AN art gallery assistant who wrongly thought he was suffering from cancer jumped to his death from the roof of a block of flats.

During the last two days of his life, doctors had assured Mr Stephen Neild from Prestwich that he did not have the disease. "But he wouldn't believe it," his wife, Collette, told an inquest in Manchester on Friday.

Mrs Neild, of Randlesham Street, Prestwich, said based on research she believed her husband, who worked at the Lowry Gallery in Manchester, had been suffering from a psychotic illness, known as somatic delusional disorder, which led him to having an impenetrable belief that he had bowel cancer. The inquest heard the couple had been together for several years but only married in Rome seven months before Mr Neild's death in April last year.

Mrs Neild said: "It was only a couple of days before the tragedy that he mentioned he had cancer. Before that, he alluded to having stomach pains. But I think he had been thinking it was cancer for some months."

Mr Neild (37) died from multiple injuries after throwing himself of the top of 11-storey high flats in Sandyhill Court, Blackley.

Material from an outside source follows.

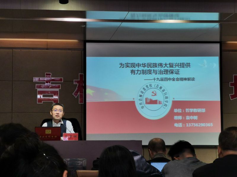 MMDS学会在吉林省图书馆参加“为实现中华民族伟大复兴提供有力制度与治理保证——党的十九届四中全会精神解读讲座”活动。入党申请人培训班部分学员参加了此次活动。此次活动由中共吉林省党委校哲学教研部副教授,哲学博士袁中树主讲。

Coroner Mr Leonard Gorodkin said notes left by Mr Neild showed he intended to kill himself. A postmortem confirmed Mr Neild did not have cancer.

Mr Gorodkin said: "This was a man who was tormented and couldn't be consoled by his doctors or his wife. It seems to me he did have some condition that possibly was treatable but hadn't been identified in time."

The coroner recorded a verdict that Mr Neild took his own life while the balance of his mind was disturbed.